- Excerpts from a dataset
╔══
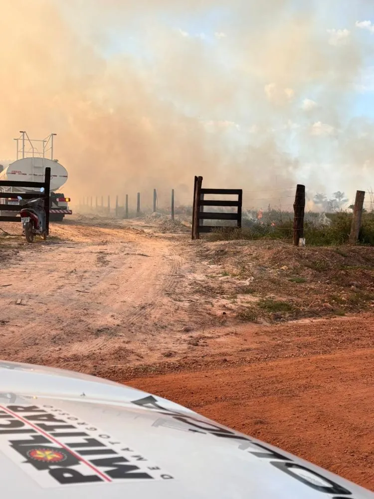 De acordo com a Polícia Militar, uma denúncia anônima informou que o fogo se alastrava rapidamente e ameaçava chegar à área urbana. Os policiais se deslocaram até o local e encontraram o suspeito, identificado como L., tentando conter as chamas com um balde, mas o incêndio já estava fora de controle.
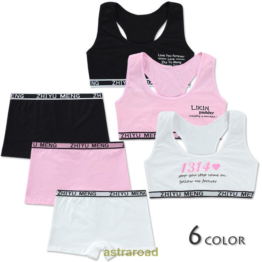 ジュニアブラ ボックスショーツ 上下セット ハーフトップブラ スポーツブラ ボクサーパンツ ボーイズレッグ 子供用 キッズ 女の子 ガールズ インナー 夏
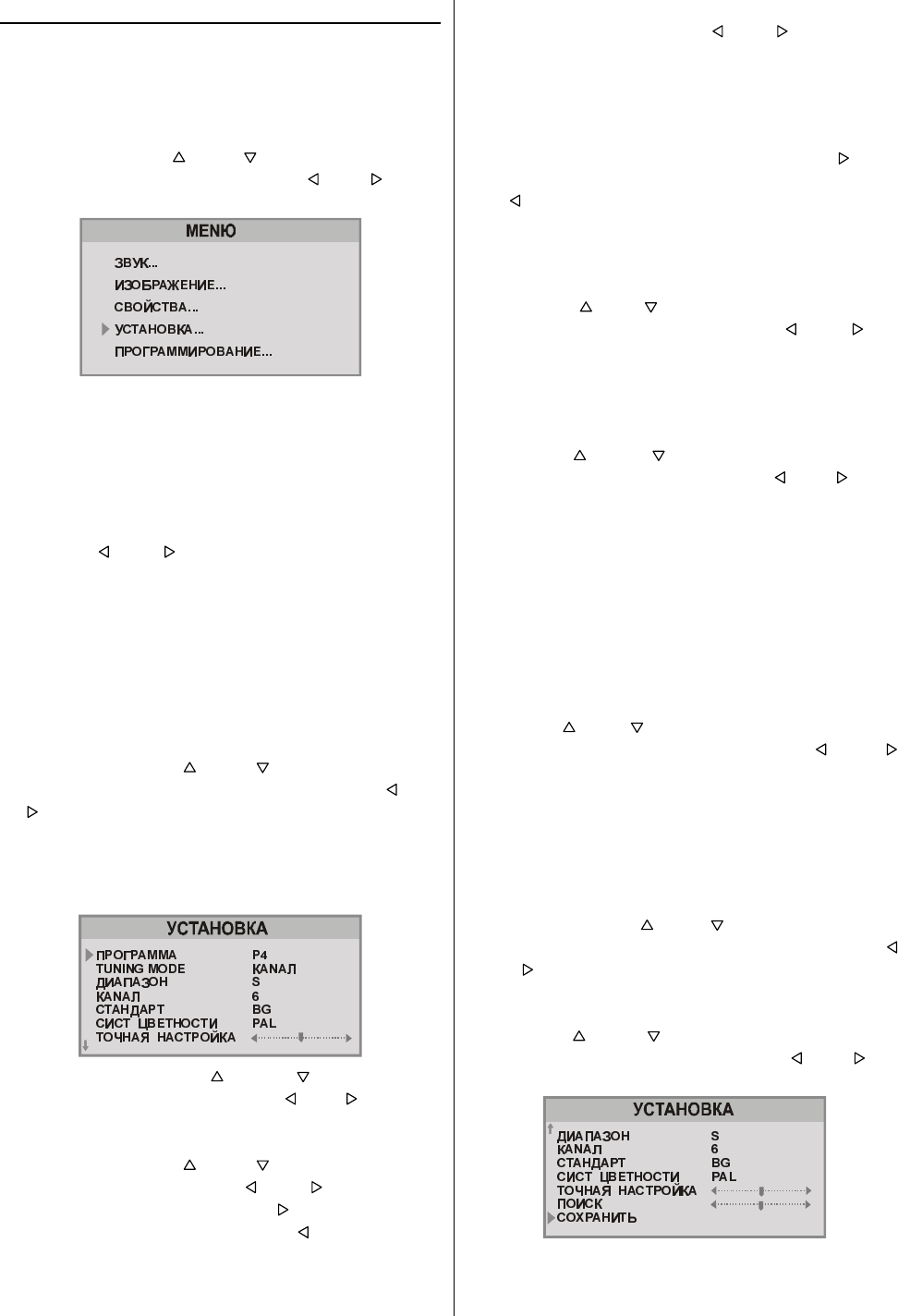 îòîáðàæàåòñÿ íàäïèñü Êàíàë), ìåíþ Óñòàíîâêè
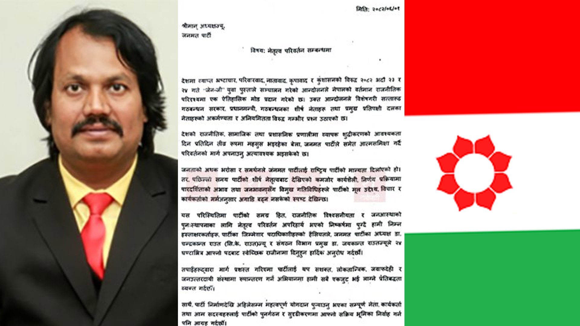 काठमाडौँ । जनमत पार्टीभित्र आन्तरिक असन्तुष्टि तीव्र बन्दै गएको छ। पार्टीका शीर्ष नेताहरूले अध्यक्ष डा. सिके राउत र संगठन विभाग प्रमुख जयकान्त राउतलाई २४ घण्टाभित्र राजीनामा दिन माग गरेका छन्।
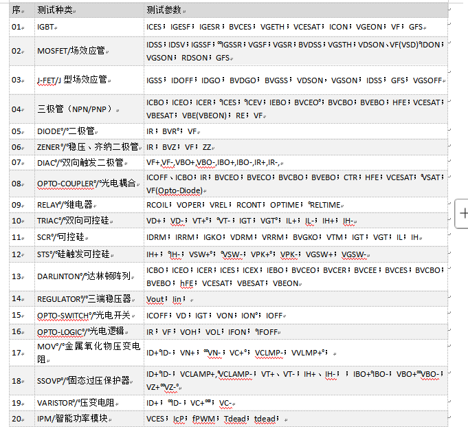 半导体静态测试参数是指在直流条件下对其进行测试,目的是为了判断半导体分立器件在直流条件下的性能,主要是测试半导体器件在工作过程中的电流特性和电压特性。静态测试参数主要有:
╚══
- Task brief
From the line with "îòîáðàæàåòñÿ íàäïèñü Êàíàë), ìåíþ Óñòàíîâêè" down to the last line of the records above, restate each line verbatim, passing over any picture.

- Written response
 îòîáðàæàåòñÿ íàäïèñü Êàíàë), ìåíþ Óñòàíîâêè
 काठमाडौँ । जनमत पार्टीभित्र आन्तरिक असन्तुष्टि तीव्र बन्दै गएको छ। पार्टीका शीर्ष नेताहरूले अध्यक्ष डा. सिके राउत र संगठन विभाग प्रमुख जयकान्त राउतलाई २४ घण्टाभित्र राजीनामा दिन माग गरेका छन्।
 半导体静态测试参数是指在直流条件下对其进行测试,目的是为了判断半导体分立器件在直流条件下的性能,主要是测试半导体器件在工作过程中的电流特性和电压特性。静态测试参数主要有:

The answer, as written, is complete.